Roosevelt again won the White House, for an unprecedented fourth term that would be cut short by his death in April 1945, but it was the closest of his presidential campaigns.
It’s been speculated that the rise of unions in Hollywood, and in the Disney company specifically, provided the catalyst for Walt’s political awakening. After a strike by Disney employees in May 1941 while the company was in dire financial straits, Disney became fiercely anti-communist, believing American communists were behind the labor disputes.
“I definitely feel it was a Communist group trying to take over my artists and they did take them over,” Disney reportedly said about the 1941 strike.
However, Disney never discriminated against employees based on their personal political leanings, according to a biography by historian Michael Barrier.
“He was not an aggressive Red hunter; his conservatism had a strongly personal cast. An employee’s politics were not of any particular concern to him if that employee was not challenging him,” Barrier wrote.

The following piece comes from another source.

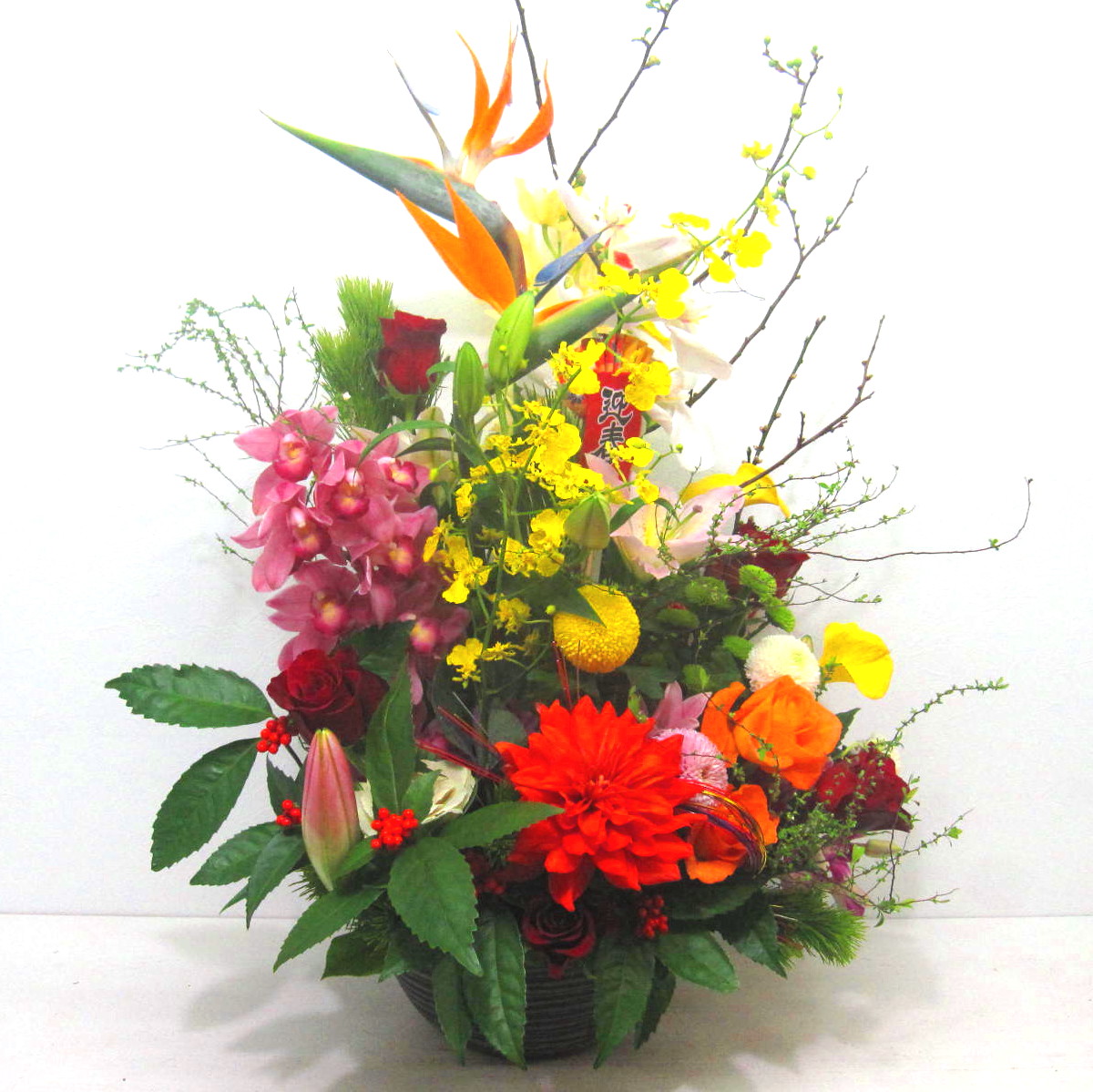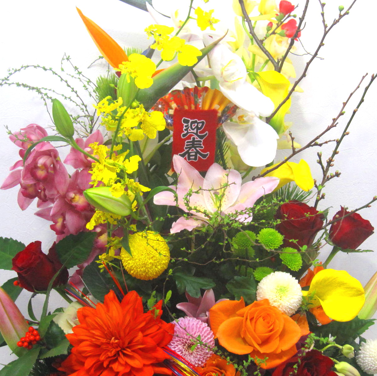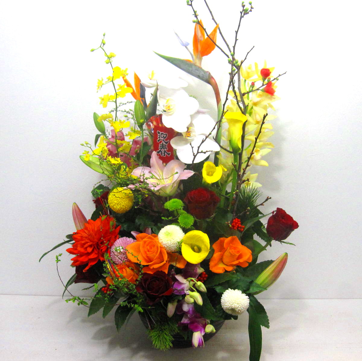花材: メイン 松、千両、ユリ、マム、バラ、デンファレ、コチョウランなど その他 季節のお花、蘭系のお花、葉物類など

The experience with the Dewey campaign as well as the animators’ strike would cause Disney to become more politically involved in the late 1940s and ’50s, and Walt’s conservative values would become more pronounced as time went on.
The difference between the founder of Disney and its modern iteration could not be more stark. Whereas Walt Disney was personally a Republican but tried to stay out of politics as much as possible in his early life, the modern Walt Disney Company seems to have been overrun by avowed leftist ideologues who are determined to inject politics into all of the company’s products.
(Disclosure: The Daily Wire has announced plans for kids entertainment content.)